Mental health impacts of pandemic on Toronto's young people could linger for years: report
CBC
A wide-ranging new report that tracks the quality of life in Toronto is sounding the alarm about a looming crisis for the city's young people in the years ahead.
Compiling information gleaned from hundreds of studies, interviews and articles, the Toronto Foundation's 2021 Vital Signs report warns of "alarming increases in mental health challenges" for children and youth in the city over the past two years.
That includes more young people reporting feelings of loneliness, an uptick in visits to the Hospital for Sick Children emergency room over suicidal ideation, and increasing numbers of eating disorders.
Those trends, coupled with a ballooning waiting list for services, are leading to widespread concerns that the impact of the last two years on mental health will continue on long after the pandemic is over.

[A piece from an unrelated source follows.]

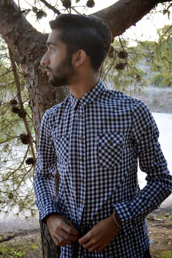 Hoy os muestro un look bastante clásico, una camisa de cuadros blanca y azul marino. Es un auténtico fondo de armario, siempre está a favor de todos y queda muy bien. Los pantalones son tejanos pitillo.

"We are concerned that long-term anxiety and depression become life-long illnesses and burdens for our children to carry," said Toronto Foundation president and CEO Sharon Avery.
Avery called mental health challenges a "shadow pandemic" that runs the risk of "overrunning the mental health system, which was already overburdened, particularly for youth."
In early 2020, Children's Mental Health Ontario (CMHO) released numbers showing that some 28,000 children and youth under the age of 18 were waiting for mental health and addiction services — more than double the 2017 waiting list.